Osteomalacia


Osteomalacia

Description, Causes and Risk Factors:

ICD-10: M83.8

Alternative Names: Rachitis tarda, adult rickets, late rickets.

Osteomalacia is a condition leading to softening of the bones due to defective deposition of minerals, especially calcium. Another term of osteomalacia is a soft bone. The disease is similar to rickets, only on this disease is not found abnormalities in the epiphyseal plates (where bone growth in children) because the adults are no longer found epiphyseal plates.

This condition affects bones and muscles. It only occurs in adults. The bones become soft and prone to pain and fractures. It occurs when there is inadequate or defective bone mineralization. This means that the bones are not hardened by mineral containing calcium and phosphate.

It is mainly caused by the lack of vitamin D which is obtained from sunlight. The causes of Osteomalacia include insufficient exposure to sunlight, faulty diet lacking sufficient quantities of vitamin D and calcium, faulty metabolism of vitamin D, certain diseases of the kidney and the intestine and intake of certain drugs for tuberculosis, asthma and epilepsy.

The requirements of vitamin D and calcium are especially high during childhood, pregnancy, lactation and after menopause. Inadequate supplementation may lead to Osteomalacia.

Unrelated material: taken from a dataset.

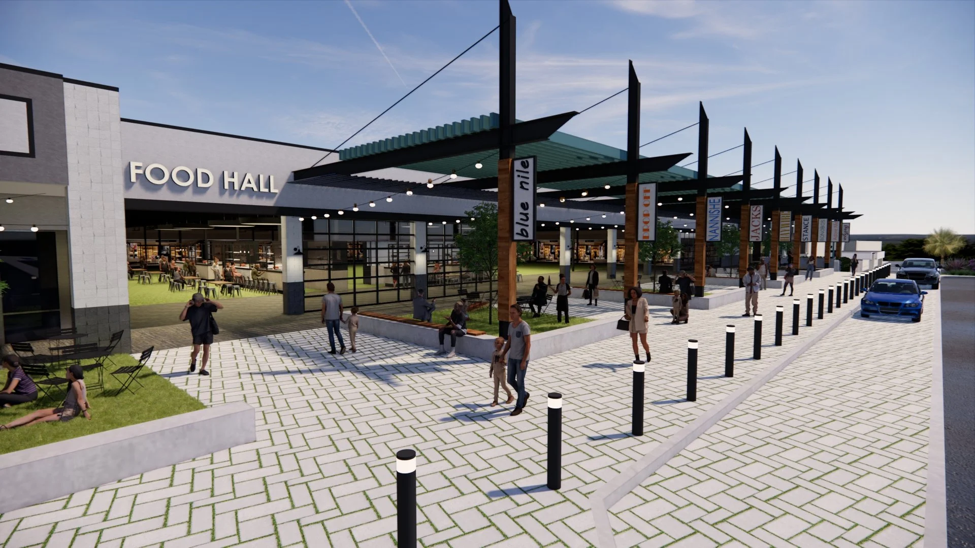 The renovated center will remain covered from the rain and sun. New skylights and open air entrances and patios will allow natural cooling of the common areas.

Other possible risk factors of osteomalacia:

    Hereditary vitamin D metabolism disorders.

  • Kidney failure.

  • Mineral deficiency.

  • Celiac disease.

  • Crohn's disease.

  • Liver diseases.

Symptoms:

General symptoms may include:

    Painful bones, particularly the hip bones.

  • Very easily fractured bones.

  • Weakness of muscles or loss of muscle strength.

If condition is severe symptoms may include:

    Extensive swelling.

  • Inability to move a body part.

  • Numbness or coldness in the area of the fracture.

  • Severe discomfort or pain.

  • Visible deformity of the affected bone or joint.

Signs:

    Weight loss.

  • Anorexia.

  • Muscle weakness, causing difficulty to climb stairs.

  • Bone pain that is felt to spread, especially in the waist area and thighs.

  • Changes in shape to the spine and limbs (arms and legs).

Diagnosis:

Osteomalacia can be diagnosed by x-ray and with a blood test that will measure levels of calcium, phosphorus and vitamin D. A blood test can also be measured for alkaline phosphatase and parathyroid hormone levels.

Treatment:

The treatment approach for osteomalacia depends on treating the underlying cause of the condition. Treatment will include returning vitamin D and possibly calcium or phosphorous to normal levels in your body. The usual treatment is to take vitamin D supplements. This is a form of vitamin D called ergocalciferol or calciferol.

Administering supplements will help to replenish these substances until balance is restored. For individuals who have vitamin D deficiency disorders, therapy will last longer than for those who have nutritional deficiencies in vitamin D.

Doses of vitamin D or calcium which are too high can raise calcium levels in the blood. This would cause symptoms such as thirst, passing a lot of urine, reduced appetite, nausea or vomiting, dizziness, and headaches. If you have these symptoms you should see your GP promptly, so that your calcium level can be checked with a blood test.

You may be able to lower your risk of osteomalacia by:

    Consuming recommended amounts of milk and dairy products.

  • Quitting or not starting smoking.

  • Receiving enough sun exposure.

  • Taking calcium supplements if recommended by your healthcare provider.

  • Taking vitamin D supplements if recommended by your healthcare provider.

NOTE: The above information is educational purpose. The information provided herein should not be used during any medical emergency or for the diagnosis or treatment of any medical condition.

DISCLAIMER: This information should not substitute for seeking responsible, professional medical care.